# critter nation and cars...



## crash (Jul 22, 2008)

I really want to sell my rat manor and get my two girls the single level critter nation. The only problem is I am a college student and I move around a lot, so it needs to fit in a car. Has anybody tried? Also if anyone in GA needs a cage, I'm selling my rat manor for $50 and I also have a super pet ferret cage that I'm selling for $80.


----------



## Lakea (Feb 12, 2009)

I don't have a CN, but do plan on getting one eventually. The thing I heard about them, though, is that they are really heavy. I suspect you would be able to take it apart to fit in a car... depending on the car.


----------



## begoodtoanimals (Dec 6, 2007)

I have a FN, so similar but that cage is not meant to be taken apart and put together again unless you have the time and muscle to take it on and by the way, it's hard to do it by yourself as well. If you have a pick up you should bfine.


----------



## crash (Jul 22, 2008)

Thanks for the input. So are there any cages that are easy to move/clean? I don't really like the wire levels of the rat manor, it is also annoying to clean. I used to have a superpet my first home for rats for my first rat...I don't want to downsize my girls but it was just so much easier.


----------



## shotcaller88 (Dec 1, 2008)

I have the Super Pet Exotics cage:
http://www.petsmart.com/product/index.jsp?productId=2753352

I really like it. It is really easy to take apart and clean. No wire shelving or ramps. It measures 30"L x 18"W x30"H, so it should fit in the back seat of most sedans (measure your vehicle first). I'm really not a fan of Martin's cages. They seem kinda pricey and very fugly. The CN cages seem awesome....but for your situation I don't think they are practical.


----------



## Lakea (Feb 12, 2009)

Yes I second the Super Pet, that is what I have. It is very easy to take apart and reassemble and very light weight. My girls love all the levels too, they just pitter patter up and down them all night.


----------



## CalicoJenn (Aug 29, 2008)

I have a FN and a CN, the CN slips together and would not be hard to disassemble, a single story should fit in a back seat if you take the stand off. I have had bad experience with the SP cages, my rats destroyed the shelves and chewed right out of the pan in a matter of days.


----------



## homebody (Jan 26, 2009)

I had the Super Pet Deluxe Rat thing, which I have come to agree was really far too small for them in width and very awkward with the ramps. Also, I'm not a fan of the plastic shelves on any Super Pet. Mine never latch on evenly or smoothly and taking them out to clean is a pain in the behind. I just got the single level Critter Nation, and my two girls love it. I mean, I can actually see a change in them and I think they adore it. It's true that it was about 60 pounds, but it really wasn't too hard to assemble... no tools or screws or anything so at least there's that. I'm sure yours would be happy in anything you were planning to get, but I adore my CN. It is bigger than I really imagined it would be, even knowing the dimensions, though... I'd say if you're going to have to move it once or twice, CN would still be worth it. Anything more than that, like every summer, fall, holiday break, go with something lighter and smaller.


----------



## crash (Jul 22, 2008)

It is so hard to find a good cage! I am very picky so that is part of my problem because I don't want another black cage. It is so dark and its hard to see my rats and their cute hammocks so that rules out the SP exotics. What about a bird cage? Also, I saw a cage called clean living where you add levels as you need them on petsmart.com. Is that one any good? I'm about to just order the critter nation and exchange my car for a truck


----------



## crash (Jul 22, 2008)

Ok, what about this one?
http://www.cheappetproducts.net/MARCHIORO_RAT_CAGE_KIT_TOM_62Q_BGE_GREEN-P68749.html


----------



## Leala (May 31, 2007)

You'll have to figure out the dimensions of that cage first. Just because it's marketed for rats doesn't mean it's entirely suitable, and pictures can be VERY deceiving.
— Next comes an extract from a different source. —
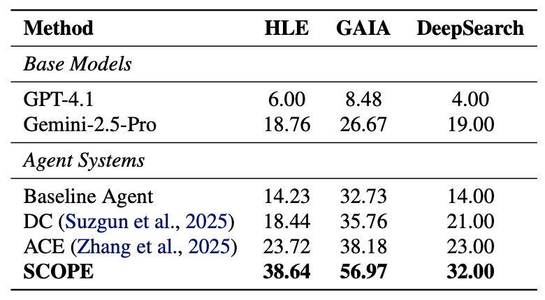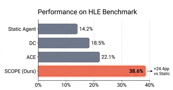 在 HLE 基准上,SCOPE 将任务成功率从 14.23% 提升到 38.64%。在 GAIA 基准上,成功率从 32.73% 提升到 56.97%。

edited for spelling mistakes


----------



## crash (Jul 22, 2008)

The dimensions are 24.5x24.5x30.75. I put them in the cage calculator and it said it could hold 5 rats.


----------



## Lakea (Feb 12, 2009)

From what I've read, the cage is pretty light weight, so it will be easy to move, and pretty easy to take apart. Some people have trouble taking out the shelves for cleaning, but eh... That cage bars are green :, just teasing. But yeah I think that would probably work good for ya  I don't actually KNOW anyone who has the cage, first time I have seen it.


----------



## Leala (May 31, 2007)

crash said:


> The dimensions are 24.5x24.5x30.75. I put them in the cage calculator and it said it could hold 5 rats.


I didn't see any dimensions mention on the link you posted, hence why cautioning about the size. If it's within your budget and it can happily house rats. I would say go for it =)


----------